**WHAT YOU SHOULD DO:**
Below is a listing to copy exactly; no image goes into the copy.

**SUPPLIED MATERIAL:**
BEGIN
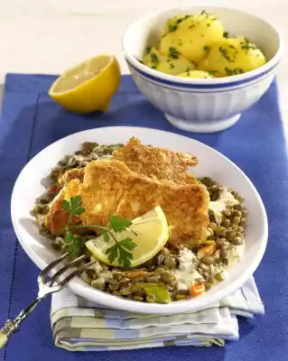 Deglaze with broth, add lentils and cook covered over medium heat for about 35 minutes. In the meantime wash the fish, dab dry and sprinkle with lemon juice. Season with salt and pepper. Put flour, breadcrumbs and eggs in 1 deep plate each.
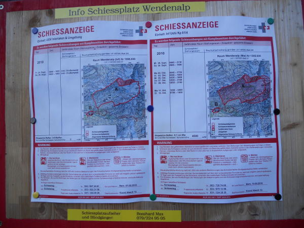 Achtung: auf der Wendenalp wird ab Ende dieser Woche scharf geschossen. Sofern ich die Schiessanzeige korrekt interpretiere, so besteht am 24./25./29./30.9., sowie vom 4.-8.10. und am 11./12.10. kein Zugang zum Gebiet (siehe Foto unten, hochauflösende Version mit allen Details versende ich gerne auf Anfrage per E-Mail).
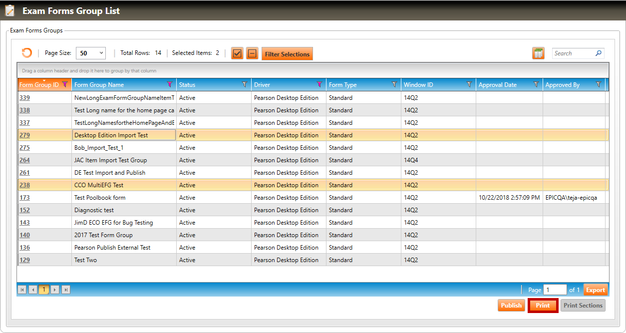 1) Select one or more exam form groups from the Exam Form Group List page and click the Print button (highlighted in red, below).
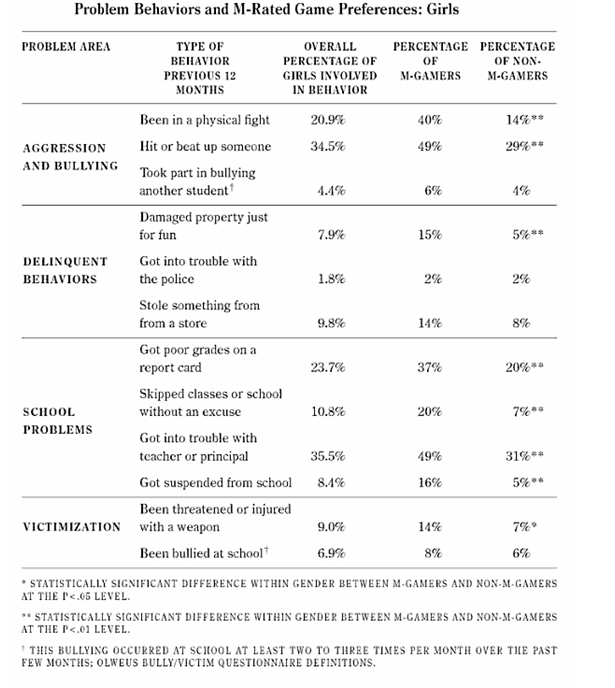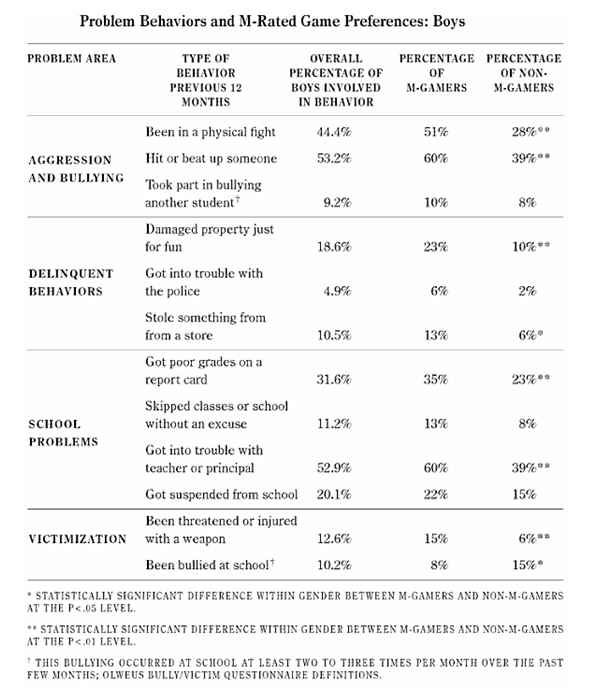 - M-rated games cause violence
END
**ANSWER TO THIS TASK:**
 Deglaze with broth, add lentils and cook covered over medium heat for about 35 minutes. In the meantime wash the fish, dab dry and sprinkle with lemon juice. Season with salt and pepper. Put flour, breadcrumbs and eggs in 1 deep plate each.
 Achtung: auf der Wendenalp wird ab Ende dieser Woche scharf geschossen. Sofern ich die Schiessanzeige korrekt interpretiere, so besteht am 24./25./29./30.9., sowie vom 4.-8.10. und am 11./12.10. kein Zugang zum Gebiet (siehe Foto unten, hochauflösende Version mit allen Details versende ich gerne auf Anfrage per E-Mail).
 1) Select one or more exam form groups from the Exam Form Group List page and click the Print button (highlighted in red, below).
 - M-rated games cause violence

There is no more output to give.